■ What you should do:
Apart from the pictures, every part of the records below gets retyped exactly.

+ + + + + + +

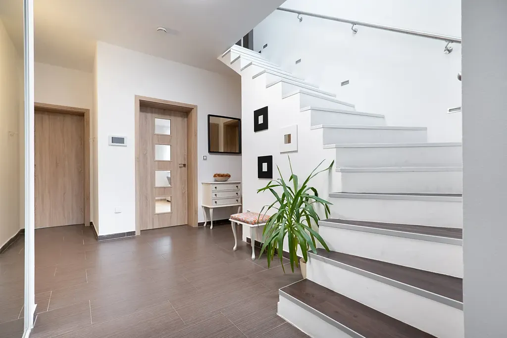 Dominantou interiéru je velkorysý otevřený obývací pokoj s jídelnou a moderní kuchyní s barovým pultem (celkem přes 50 m²). Odtud je přímý vstup na zastřešenou terasu 28 m², ideální pro celoroční posezení. V obýváku je připravena kompletní příprava pro krb. V přízemí dále najdete prostornou vstupní halu s vestavnou skříní, spíž, koupelnu se sprchou a WC, pracovnu a technickou místnost s přístupem do menšího sklípku – perfektní kombinace komfortu a praktického využití prostoru.
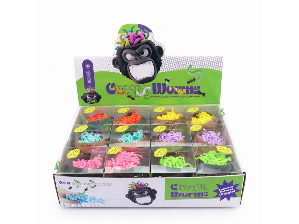 Opičia hlava s „červíkmi“ láka na výrazný dizajn a hmatový zážitok, ktorý podporuje jemnú motoriku a zmyslové vnímanie. Deti môžu červíkov naťahovať, preskupovať a skúmať rôzne textúry – zábava na dlhé chvíle bez obrazoviek.
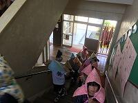 2年生が1年生の手を引き班別に学校内を隅々まで探検しました。
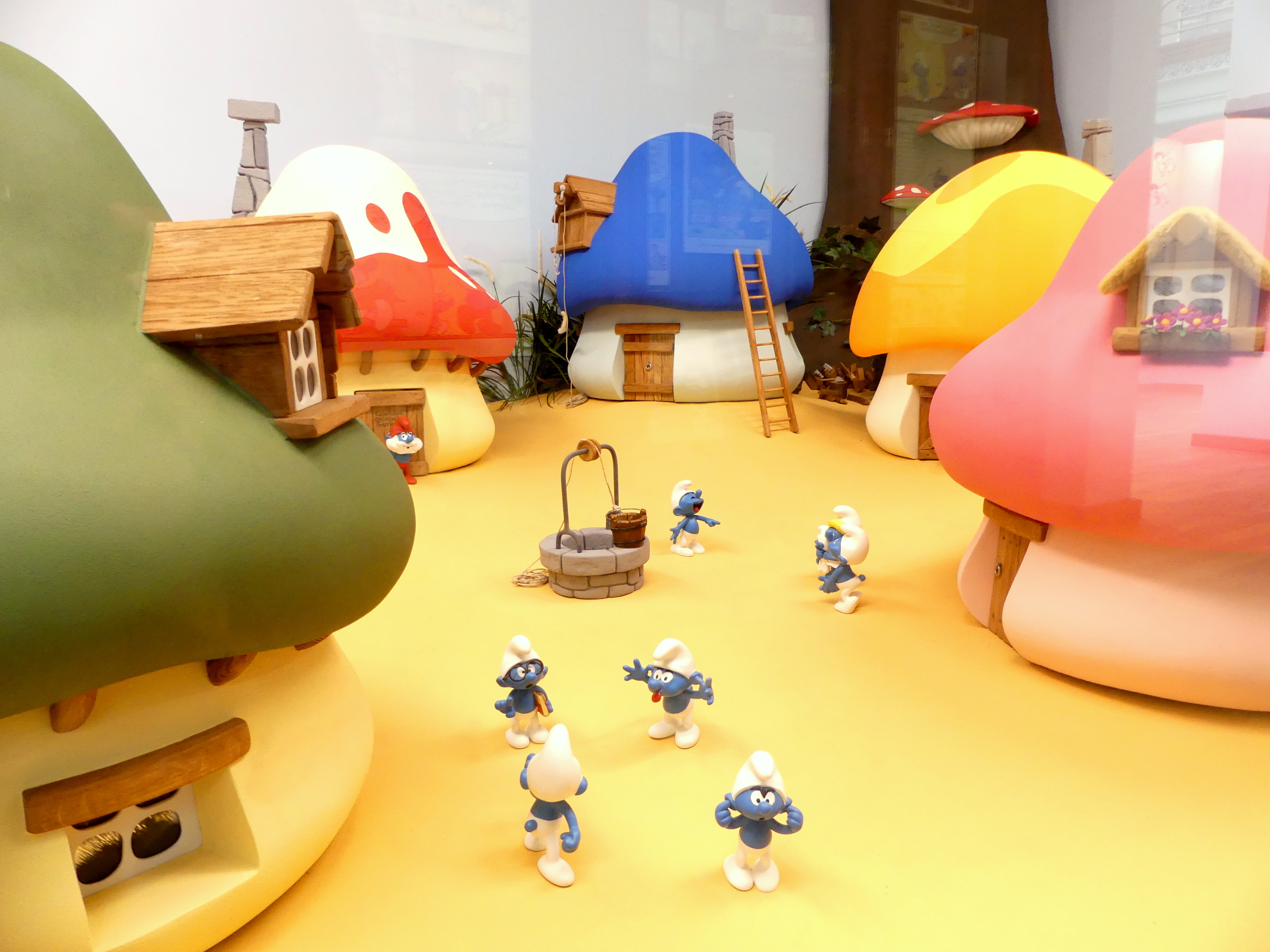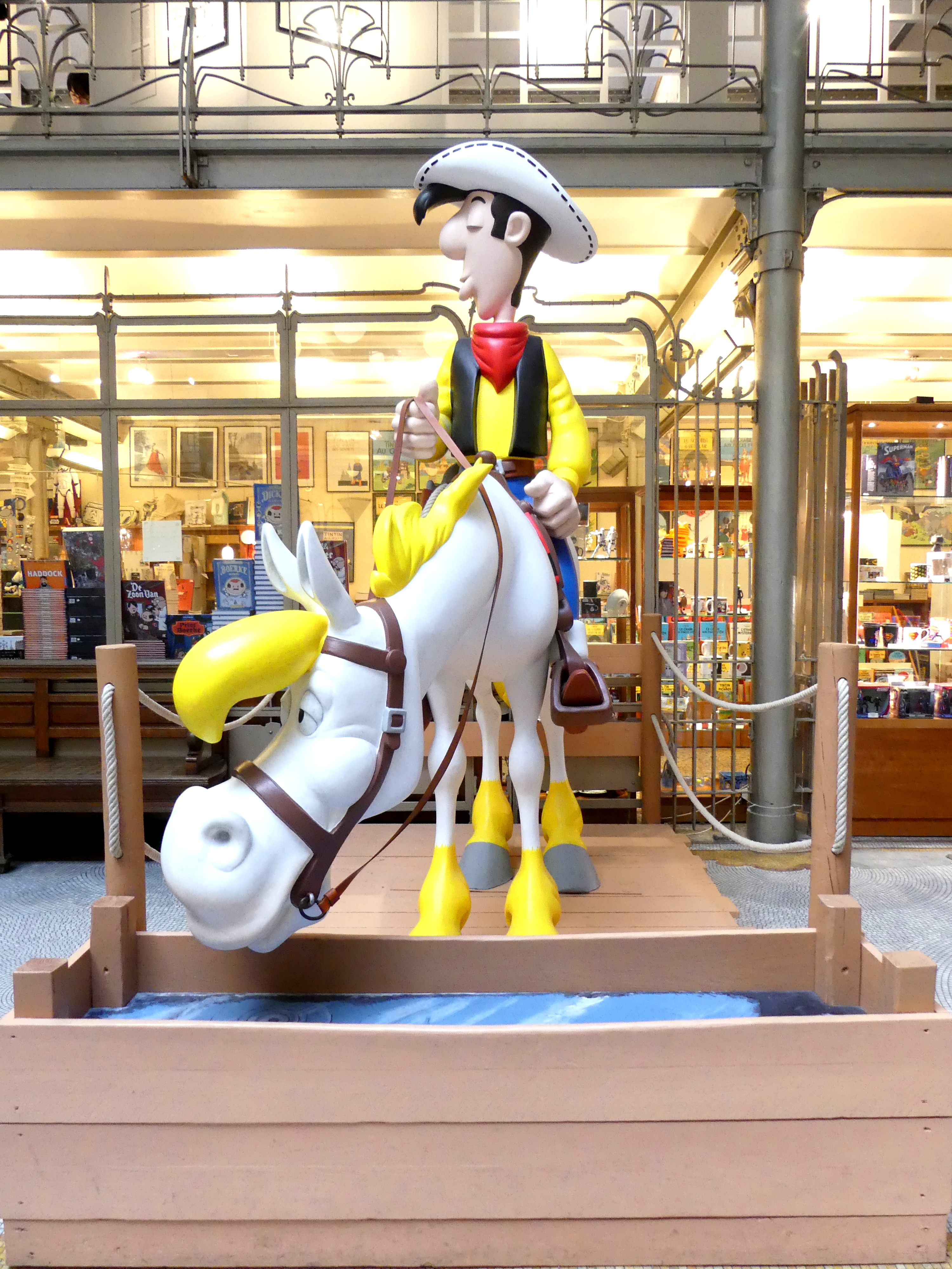 10h30 – Sous une pluie battante (vive la Belgique !), nous nous sommes dirigés vers le musée de la bande dessinée. Au programme, des dessins originaux, des archives, des films… sur les héros plus ou moins connus de la bande-dessinée : Tintin, Lucky-Luke, les Les Schtroumphes, Spirou, Boule & Bill, Tamara,… Ca m’a notamment permis de découvrir de super BDs qui m’étaient jusqu’à lors inconnues. Et la boutique du musée est jsute… WAHOU, avec des étagères remplies d’un nombre incroyable de livres. Ce musée est vraiment à faire, que ce soit avec des enfants ou entre adultes.
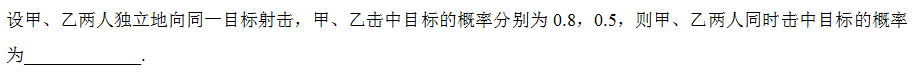 作者:高老师 时间:2024-07-28 浏览 2 【正确答案】:0.4【题目解析】:设A,B分别表示甲、乙两人击中目标的两事件,已知A,B相互独立,则 P(AB)=P(A)P(B)=0.8×0.5=0.4。 📱 扫码体验刷题小程序 扫一扫使用我们的微信小程序
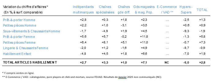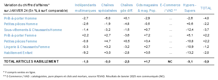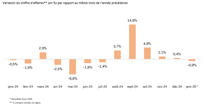 Pour la période septembre 2024-janvier 2025, les ventes d’articles d’habillement (hors VAD) sont supérieures de 2,8 % à celles de la période correspondante de l’année précédente.
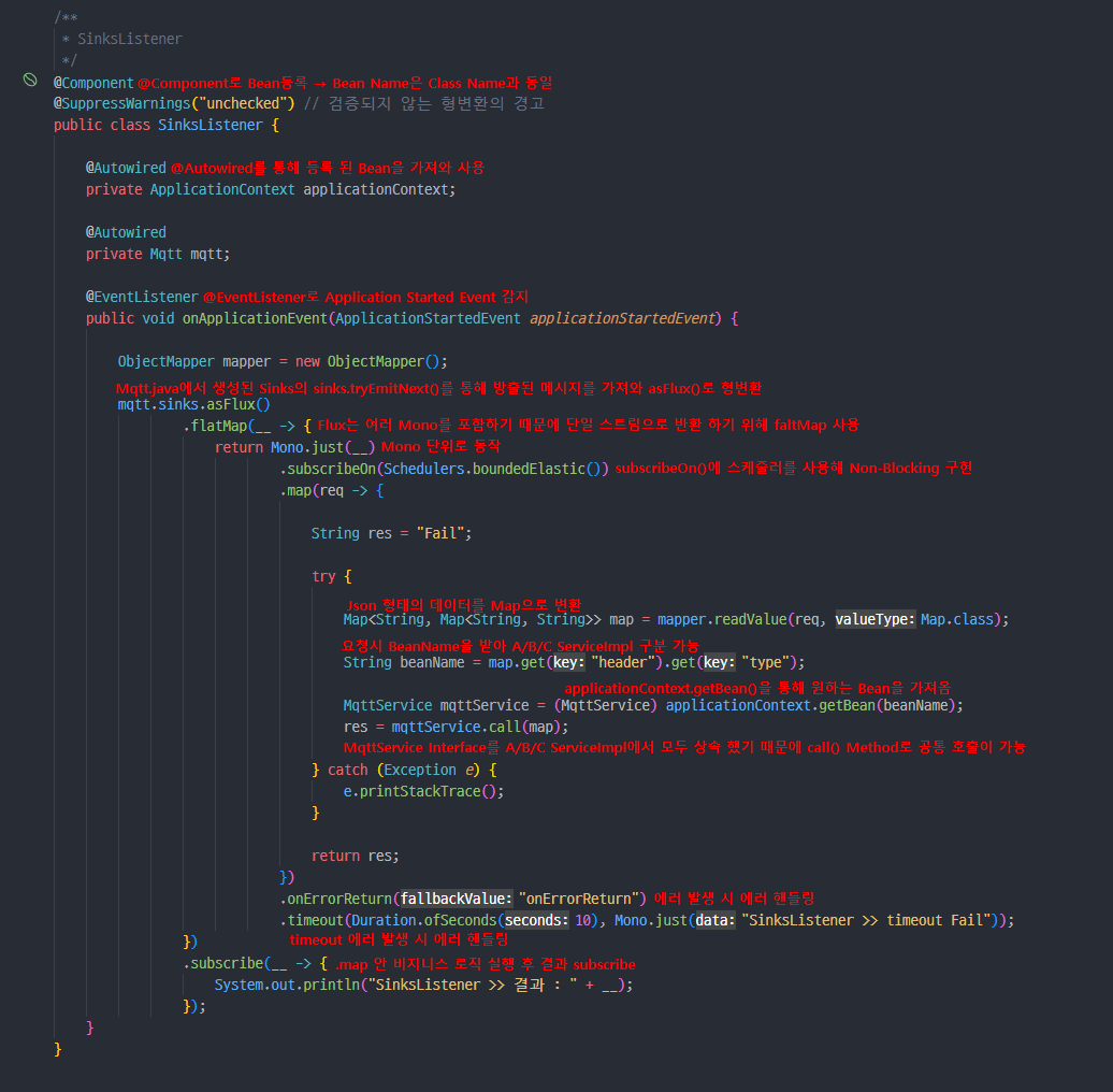 EmitterProcessor가 @Deprecated 돼서 Sinks.many()로 대체 사용 *EmitterProcessor 내부에서 Sinks를 사용하고 있음 *Processor : 처리 단계를 나타내며 발행자 인터페이스와 구독자 인터페이스를 모두 상속 *자세한
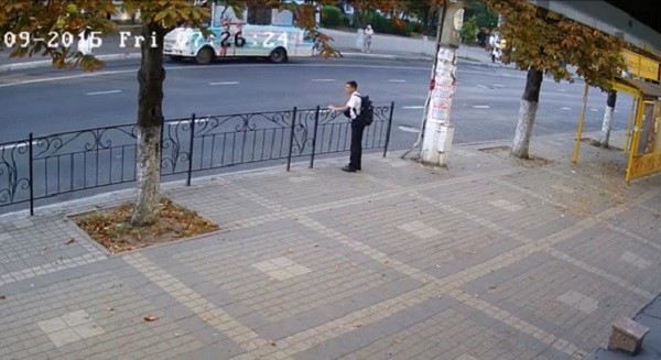 小瞳孔在辛菲羅波爾烏克蘭冷靜地為偶然幾秒鐘, 當一輛車落在欄杆上,在那裡站了幾秒鐘前.
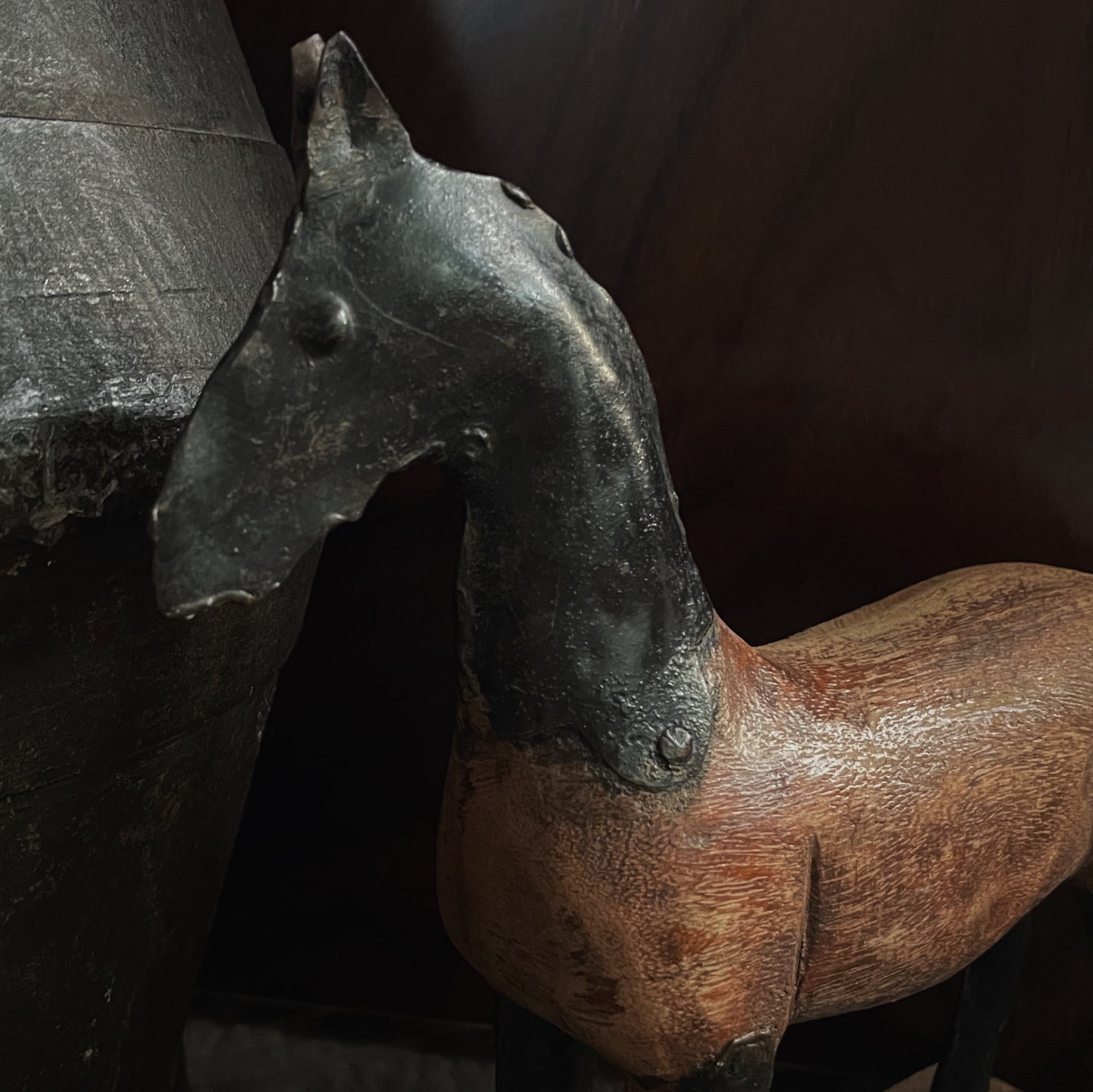 黒く落ち着いた表情の鉄の脚と頭部、やわらかな木の胴体。

+ + + + + + +

■ Answer for this exercise:
 Dominantou interiéru je velkorysý otevřený obývací pokoj s jídelnou a moderní kuchyní s barovým pultem (celkem přes 50 m²). Odtud je přímý vstup na zastřešenou terasu 28 m², ideální pro celoroční posezení. V obýváku je připravena kompletní příprava pro krb. V přízemí dále najdete prostornou vstupní halu s vestavnou skříní, spíž, koupelnu se sprchou a WC, pracovnu a technickou místnost s přístupem do menšího sklípku – perfektní kombinace komfortu a praktického využití prostoru.
 Opičia hlava s „červíkmi“ láka na výrazný dizajn a hmatový zážitok, ktorý podporuje jemnú motoriku a zmyslové vnímanie. Deti môžu červíkov naťahovať, preskupovať a skúmať rôzne textúry – zábava na dlhé chvíle bez obrazoviek.
 2年生が1年生の手を引き班別に学校内を隅々まで探検しました。
 10h30 – Sous une pluie battante (vive la Belgique !), nous nous sommes dirigés vers le musée de la bande dessinée. Au programme, des dessins originaux, des archives, des films… sur les héros plus ou moins connus de la bande-dessinée : Tintin, Lucky-Luke, les Les Schtroumphes, Spirou, Boule & Bill, Tamara,… Ca m’a notamment permis de découvrir de super BDs qui m’étaient jusqu’à lors inconnues. Et la boutique du musée est jsute… WAHOU, avec des étagères remplies d’un nombre incroyable de livres. Ce musée est vraiment à faire, que ce soit avec des enfants ou entre adultes.
 作者:高老师 时间:2024-07-28 浏览 2 【正确答案】:0.4【题目解析】:设A,B分别表示甲、乙两人击中目标的两事件,已知A,B相互独立,则 P(AB)=P(A)P(B)=0.8×0.5=0.4。 📱 扫码体验刷题小程序 扫一扫使用我们的微信小程序
 Pour la période septembre 2024-janvier 2025, les ventes d’articles d’habillement (hors VAD) sont supérieures de 2,8 % à celles de la période correspondante de l’année précédente.
 EmitterProcessor가 @Deprecated 돼서 Sinks.many()로 대체 사용 *EmitterProcessor 내부에서 Sinks를 사용하고 있음 *Processor : 처리 단계를 나타내며 발행자 인터페이스와 구독자 인터페이스를 모두 상속 *자세한
 小瞳孔在辛菲羅波爾烏克蘭冷靜地為偶然幾秒鐘, 當一輛車落在欄杆上,在那裡站了幾秒鐘前.
 黒く落ち着いた表情の鉄の脚と頭部、やわらかな木の胴体。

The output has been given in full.